Secondly, many gender and religious biases are underwritten in family laws which prevent consensus or consistency on matters of sexual maturity and underage marriage. Over 18 per cent of girls and 4 pc of boys in Pakistan are married before the age of 18 and prevention is complicated by our dual legal regime and by societal trends of forced conversions of girls from religious minorities. If marriage remains an unequal legal arrangement for all women, and an economic safety net for the poor and a social status for the rich, girls will remain devalued for just their labour and reproductive worth and their virginities and sexual purity will serve as premiums.

Third, overwhelmingly, cases of any but especially child sexual abuse continue to be subject to attrition where survivors or victims’ families resile under counsel and social pressure from community, police or clerical leaders. As human rights lawyers point out, as long as the judicial process privileges ocular evidence over corroborative forms and courts are unwilling to try cases despite resiling, sex crimes will not be subject to justice.

Mythos over logos

Beyond legal recourse, social protection for Pakistani children remains precarious due to misguided beliefs and flawed remedies.

The first myth that family, marriage, and community are safe havens encourage private settlements in sex abuse cases and perpetuate lifelong generational trauma. The second damaging myth is that biology is the driver of sexual violence instead of unequal power relations, especially between genders.

Feminists have countered both these fallacies. They refute the notion that sex abuse is a private matter by insisting that the personal is political and risk their lives to speak out on the commonality of violence in families and marriages. The Aurat March movement has expanded this cause with many members narrating their own experiences of sexual offences and providing ventilation for other survivors.
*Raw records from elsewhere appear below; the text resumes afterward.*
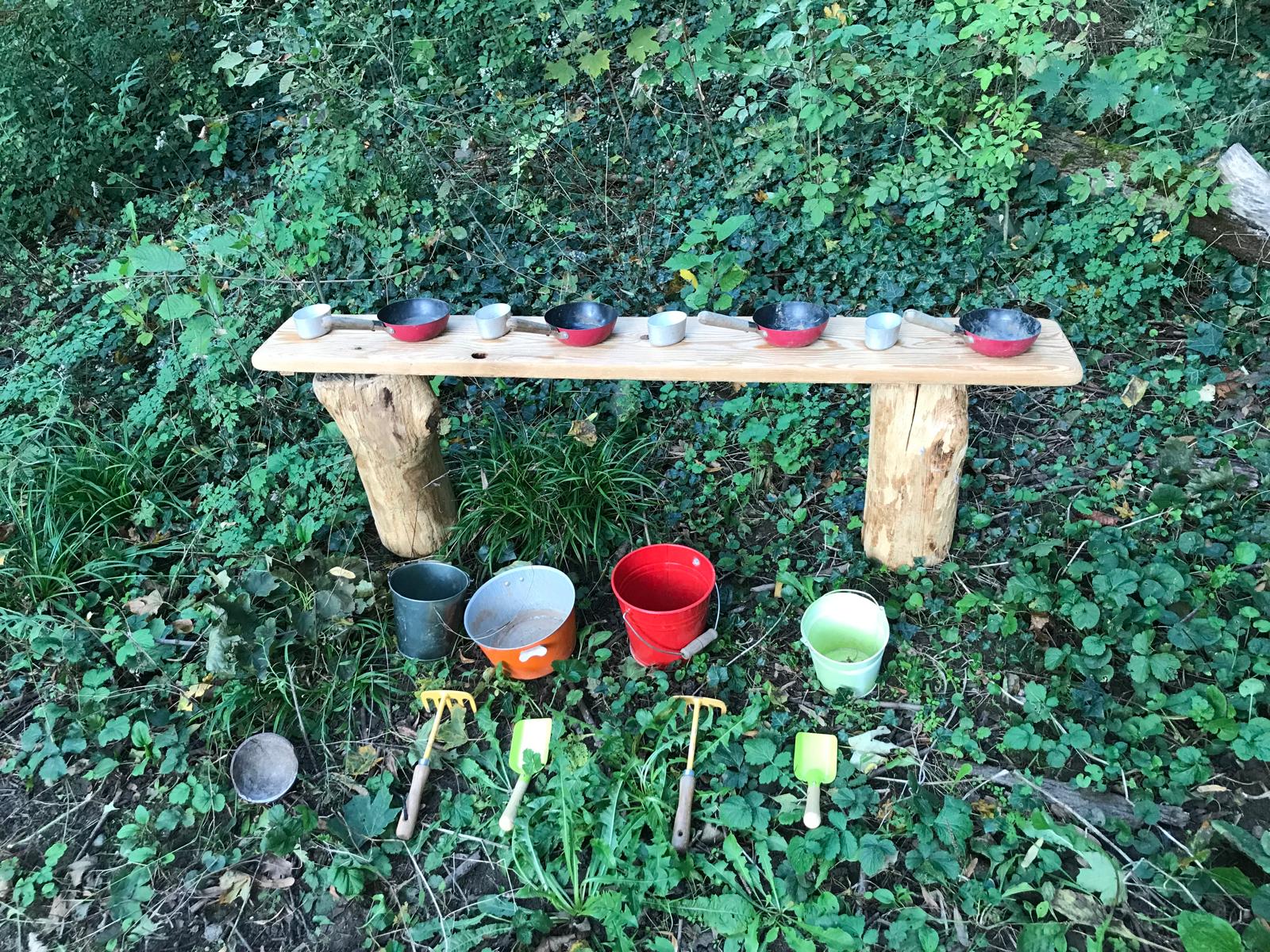 Assortiment d’ustensiles variés pour alimenter le jeu libre en nature. Contenants, passoires, éléments naturels, …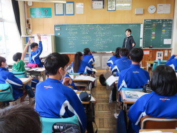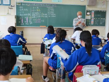 こちらは1年生の数学の授業です。「算数」から「数学」へと変わりました「自然数」「素数」といった言葉が飛び交っていました。「自然数」がどのような数で、「素数」がどのような数なのかしっかり説明できますか?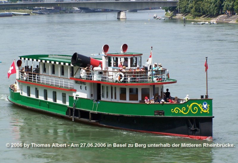 Name: "BASLERDYBLI", auch Name: "BASLER DYBLI" / Baujahr: 1980 / Bauwerft: Österreichische Schiffswerften AG in Linz-Korneuburg (Österreich) / Flagge: Schweiz / Länge: 35,50 m / Breite: 7,00 m / Tiefgang: 1,50 m / 140 Passagiere / Antrieb: 2 x GM-Diesel Typ 6-71 mit je 170 PS auf zwei Festpropeller / Eigner ~ Betreiber: Basler Personenschifffahrt , Basler Personenschiffahrts-Gesellschaft AG in Basel / Heimathafen: Basel / Fahrtgebiet: Rhein / Schiffs- oder Registriernummer: 7001250 / Bemerkung: Das Schiff wurde im Nostalgielook der Dampfschiffära gebaut, ist aber ein Motorschiff. Ausgestattet ist es mit dem Salon-Interieur des abgewrackten Dampfschiffes "PILATUS". Auf der Seite www.debinnenvaart.nl wird CSPL Lodenice in Chvaletice (Tschechien) als Bauwerft angegeben, dies ist aber in keiner anderen Quelle vermerkt. Thomas Albert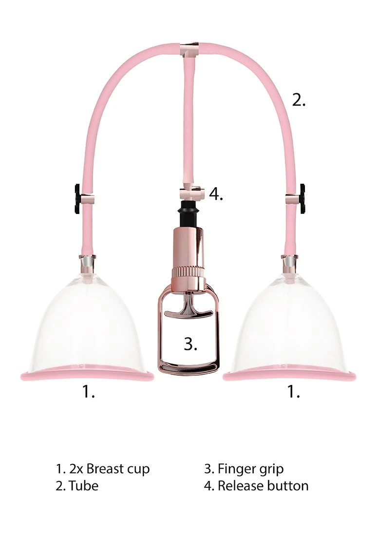 Pump to plump and ensure your breasts are looking their best with this the Pumped Breast Pump Set by Shots. This incredibly high quality breast pump helps in firming and increasing the size of your breasts. Using quick and efficient vacuum suction, your breasts will feel both fuller and more sensitive, making this the perfect accesso- ry for pre-bedroom preparation. The cup is designed with a smooth, silicone seal, so is incredibly comfortable whilst preventing air or moisture from entering. Very easy to use, simply attach the hose to the pump cup and place the cup over your breast. From then pump until the desired effect is achieved. Works for all different breast siz- es. Compatible with all types of lubricant. Use it no longer then 20 -30 minutes for both breasts and only pump to a point you are comfort- able with. This kit contains 2 breast cups, 1 hose and 1 hand pump.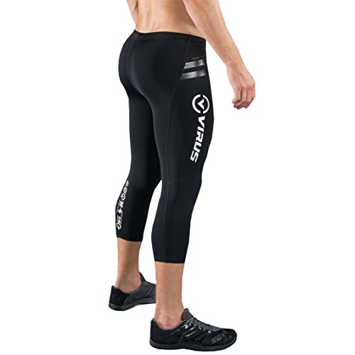 VIRUS Men's Stay Cool Tech 3/4 Length Compression Pants, Black/Reflective Silver, Small
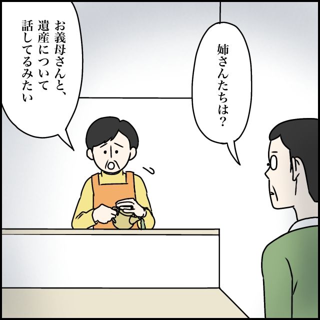 「フフフ、遺産についての話はまとまったわ」「ねぇ、とっても有意義な話だったわよね」と2人ともウキウキ。そんな姉たちを夫が黙って見つめていると、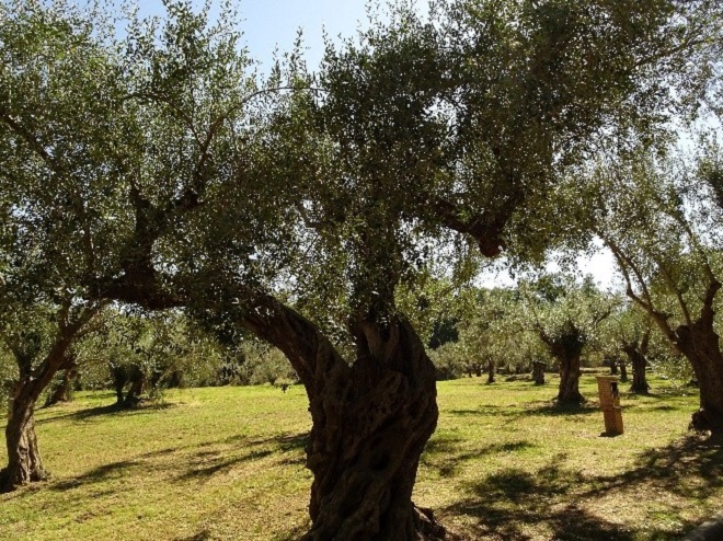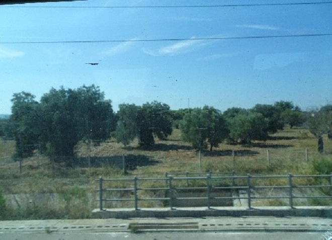 サレント半島を含むプーリア州はオリーヴ畑が広がり、オリーヴ製品の生産量はイタリア最大です。列車は、延々と広がるオリーヴ畑、ときには樹齢何百年もあるような木々の畑を、いくつも抜けていきます。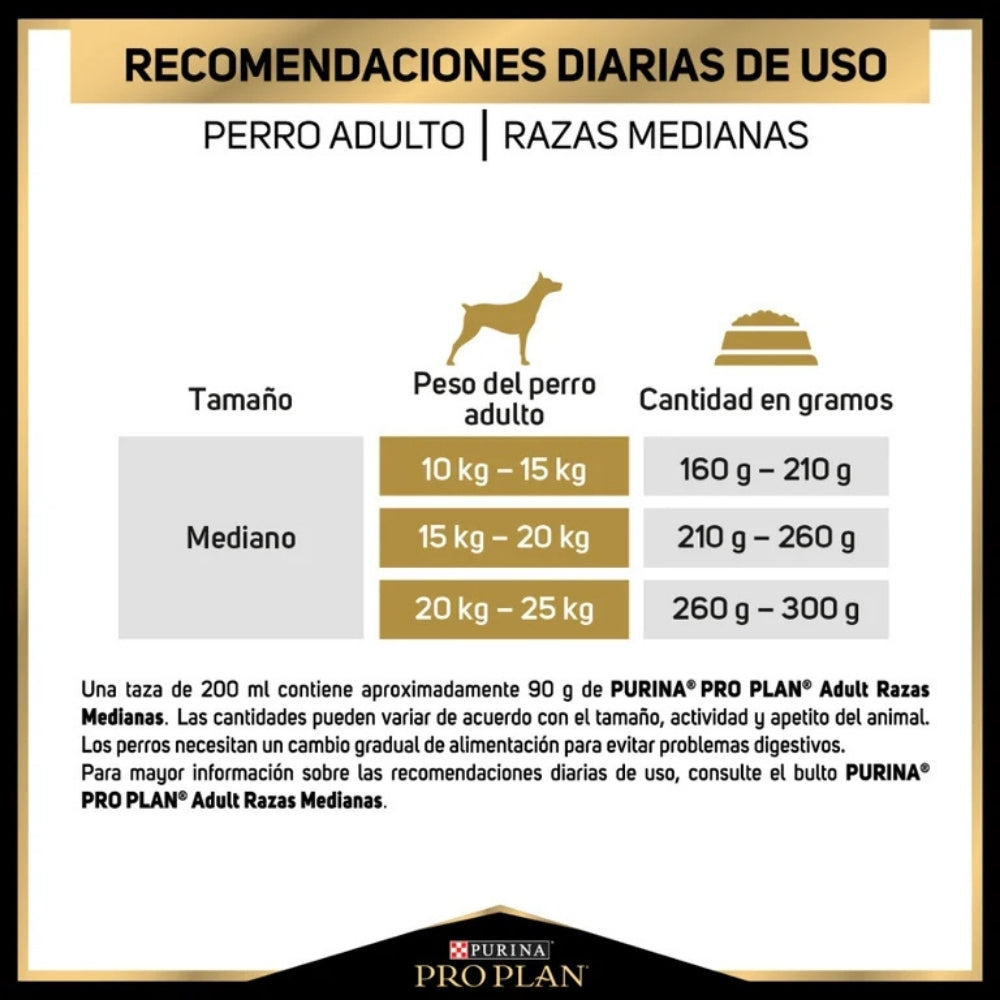 Pro Plan Adult Razas Medianas de Pollo es un alimento seco premium formulado para satisfacer las necesidades nutricionales de perros adultos de razas medianas, entre 10 y 25 kg. Contiene pollo como primer ingrediente, una fuente de proteína de alta calidad que ayuda a mantener una masa muscular magra y saludable. Su fórmula incluye prebióticos naturales que favorecen una digestión eficiente, y antioxidantes como la vitamina C y E que refuerzan el sistema inmunológico. Además, está enriquecido con ácidos grasos omega 3 y 6 que mejoran la salud de la piel y el brillo del pelaje. No contiene colorantes ni saborizantes artificiales.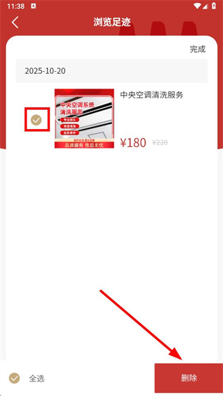 4、勾选要删除的浏览记录,然后点击右下角的删除按钮即可删除浏览记录。

Stigmatising sex education, or underplaying abuse on the pretext of immorality or false respectability, disarms the potential victim from self-defence — silence and shame is the paedophile’s best alibi.

Glorifying the virtues of domesticated pious women and obedient children justifies discipline and decision-making as the male guardian’s natural right. Feminists contend that it is not biology but elite capture of social, economic, political resources that buys impunity for powerful abusive men. They also point out that while there is significant challenge in addressing attitudes within clerical, judicial, and political circles where some may justify male privilege, dismiss allegations of sex crimes, or blame victims, such figures often remain in positions of leadership and trust.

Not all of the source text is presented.